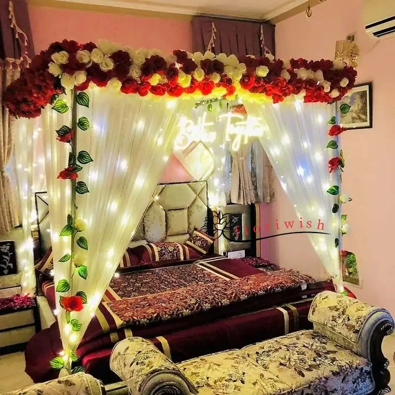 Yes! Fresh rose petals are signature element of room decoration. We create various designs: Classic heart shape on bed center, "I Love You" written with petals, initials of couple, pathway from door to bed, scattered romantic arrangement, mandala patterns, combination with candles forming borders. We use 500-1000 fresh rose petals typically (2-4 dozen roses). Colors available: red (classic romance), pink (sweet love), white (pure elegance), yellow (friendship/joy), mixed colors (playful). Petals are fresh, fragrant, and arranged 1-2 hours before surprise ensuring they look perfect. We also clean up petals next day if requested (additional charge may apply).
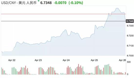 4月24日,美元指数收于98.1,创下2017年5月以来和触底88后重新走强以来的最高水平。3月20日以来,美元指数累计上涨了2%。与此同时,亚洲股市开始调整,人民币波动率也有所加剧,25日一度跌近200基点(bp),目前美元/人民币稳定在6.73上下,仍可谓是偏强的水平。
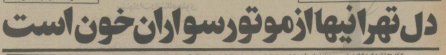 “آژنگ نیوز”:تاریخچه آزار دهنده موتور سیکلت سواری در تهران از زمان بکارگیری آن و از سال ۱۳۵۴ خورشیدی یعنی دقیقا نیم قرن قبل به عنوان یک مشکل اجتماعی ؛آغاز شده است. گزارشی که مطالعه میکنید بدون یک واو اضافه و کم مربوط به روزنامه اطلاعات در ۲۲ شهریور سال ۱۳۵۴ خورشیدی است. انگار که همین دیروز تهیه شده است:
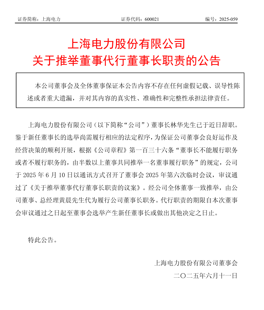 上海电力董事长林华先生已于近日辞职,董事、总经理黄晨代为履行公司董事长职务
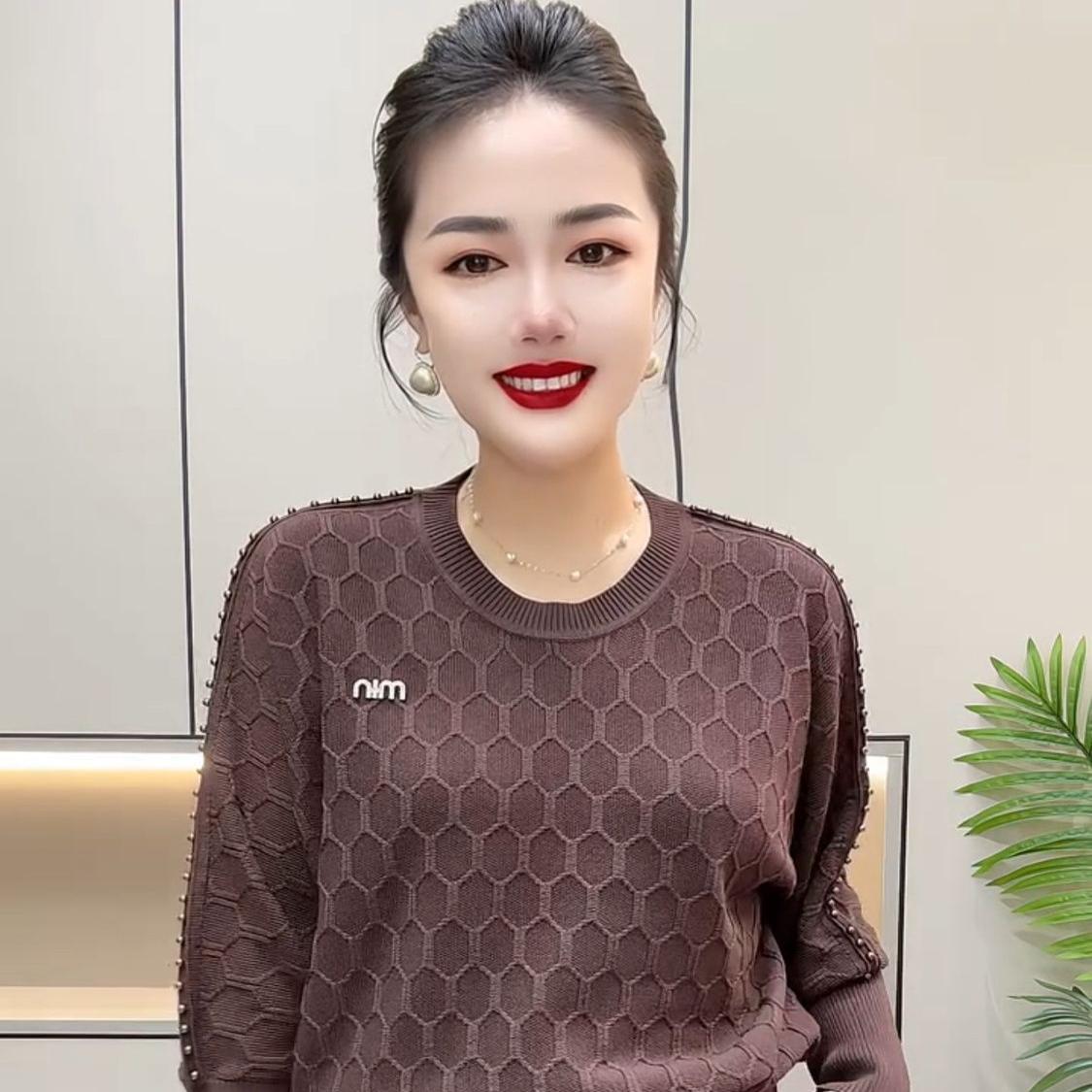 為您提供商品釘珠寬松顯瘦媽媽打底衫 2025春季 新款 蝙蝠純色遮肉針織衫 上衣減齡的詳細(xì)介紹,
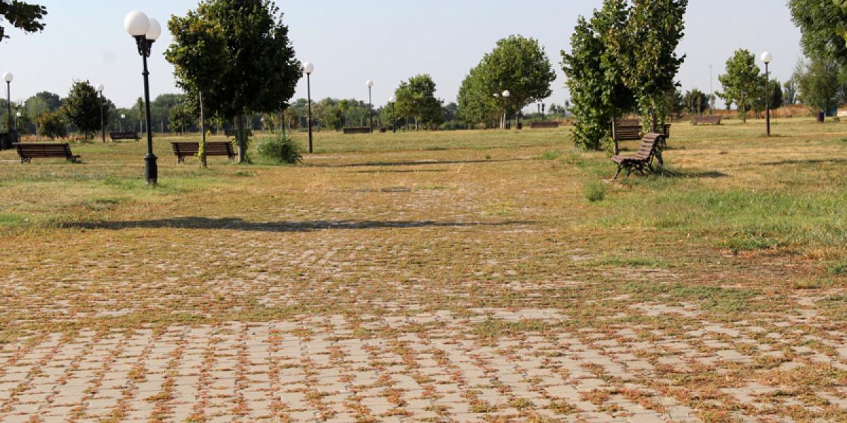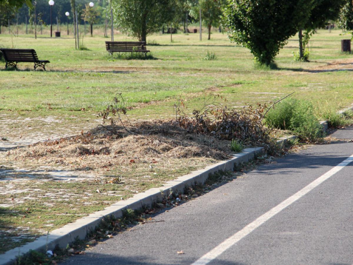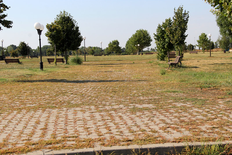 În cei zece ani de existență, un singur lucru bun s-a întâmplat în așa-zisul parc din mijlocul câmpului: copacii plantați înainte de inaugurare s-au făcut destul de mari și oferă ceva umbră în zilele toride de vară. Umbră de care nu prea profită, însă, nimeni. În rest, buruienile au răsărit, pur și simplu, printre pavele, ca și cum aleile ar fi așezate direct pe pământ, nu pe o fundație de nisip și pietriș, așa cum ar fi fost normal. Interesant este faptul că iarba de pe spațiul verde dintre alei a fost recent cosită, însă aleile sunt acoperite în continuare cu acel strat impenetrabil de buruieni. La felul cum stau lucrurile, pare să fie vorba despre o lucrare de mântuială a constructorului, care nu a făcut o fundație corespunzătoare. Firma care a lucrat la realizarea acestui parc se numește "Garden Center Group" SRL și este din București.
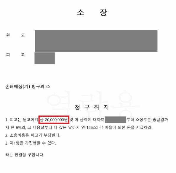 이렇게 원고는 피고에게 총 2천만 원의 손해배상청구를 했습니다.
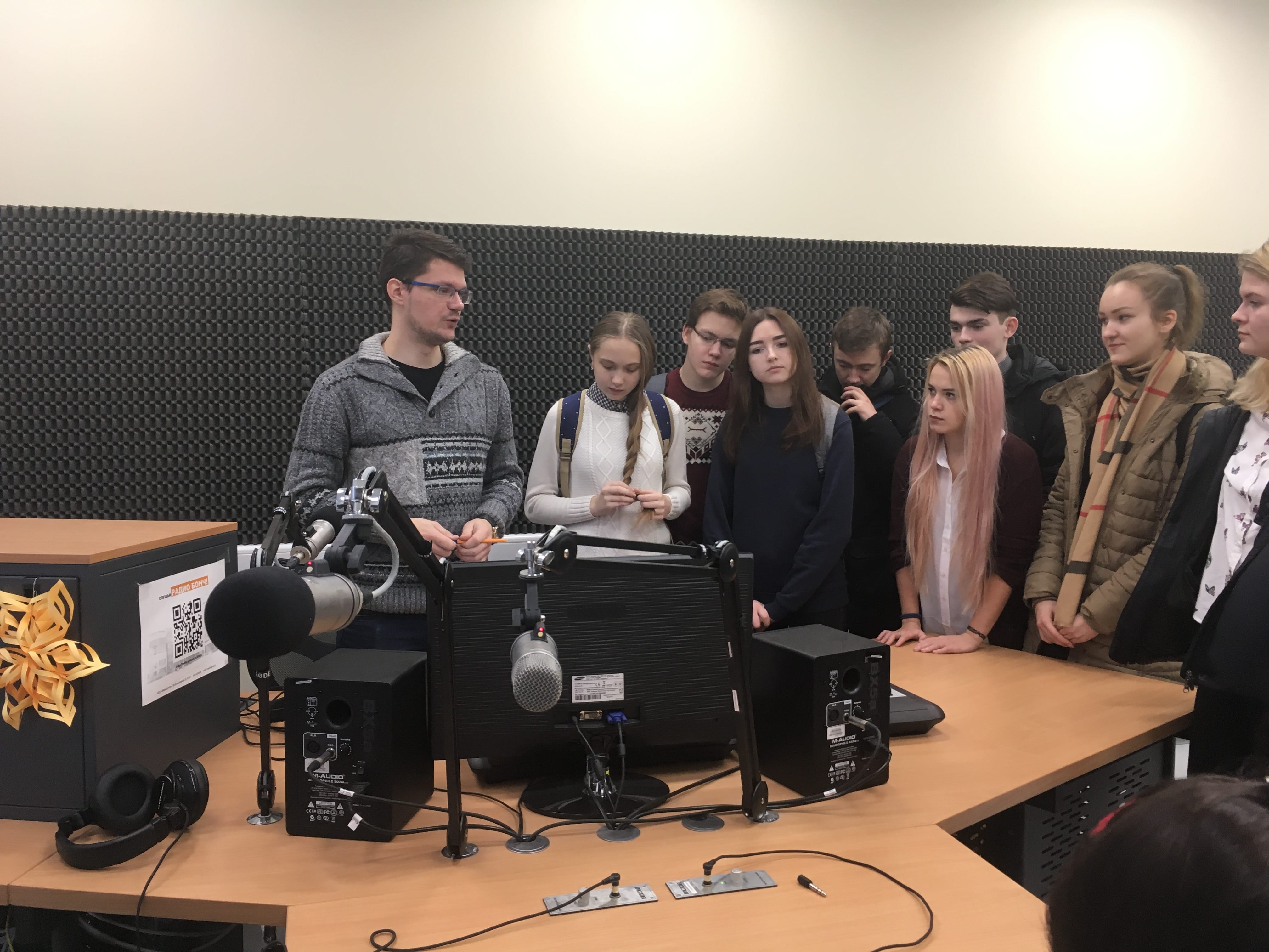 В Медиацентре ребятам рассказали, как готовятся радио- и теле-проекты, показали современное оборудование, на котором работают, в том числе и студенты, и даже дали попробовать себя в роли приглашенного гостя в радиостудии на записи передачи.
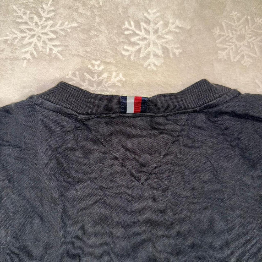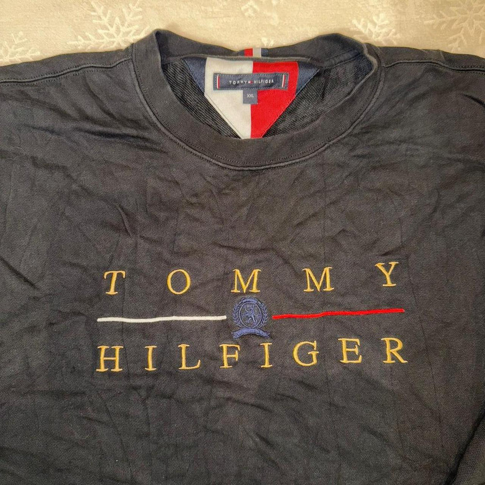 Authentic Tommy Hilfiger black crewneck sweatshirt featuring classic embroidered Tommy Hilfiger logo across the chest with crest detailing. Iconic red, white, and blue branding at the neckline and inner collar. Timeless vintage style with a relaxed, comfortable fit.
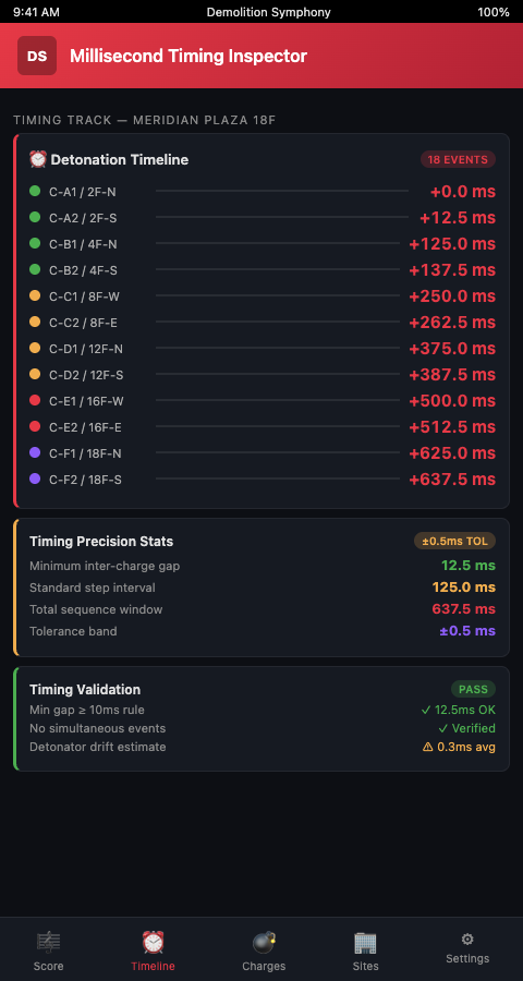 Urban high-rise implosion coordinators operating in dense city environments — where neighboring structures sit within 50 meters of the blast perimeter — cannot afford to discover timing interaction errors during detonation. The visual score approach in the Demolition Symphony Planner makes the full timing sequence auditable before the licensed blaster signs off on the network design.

YOUR GOAL =>
Output exactly the stretch of the listing that begins at the line containing "În cei zece" and ends at the line containing "В Медиацентре ребятам", both kept. Omit pictures and everything else.

RESULT FOR THIS TASK =>
 În cei zece ani de existență, un singur lucru bun s-a întâmplat în așa-zisul parc din mijlocul câmpului: copacii plantați înainte de inaugurare s-au făcut destul de mari și oferă ceva umbră în zilele toride de vară. Umbră de care nu prea profită, însă, nimeni. În rest, buruienile au răsărit, pur și simplu, printre pavele, ca și cum aleile ar fi așezate direct pe pământ, nu pe o fundație de nisip și pietriș, așa cum ar fi fost normal. Interesant este faptul că iarba de pe spațiul verde dintre alei a fost recent cosită, însă aleile sunt acoperite în continuare cu acel strat impenetrabil de buruieni. La felul cum stau lucrurile, pare să fie vorba despre o lucrare de mântuială a constructorului, care nu a făcut o fundație corespunzătoare. Firma care a lucrat la realizarea acestui parc se numește "Garden Center Group" SRL și este din București.
 이렇게 원고는 피고에게 총 2천만 원의 손해배상청구를 했습니다.
 В Медиацентре ребятам рассказали, как готовятся радио- и теле-проекты, показали современное оборудование, на котором работают, в том числе и студенты, и даже дали попробовать себя в роли приглашенного гостя в радиостудии на записи передачи.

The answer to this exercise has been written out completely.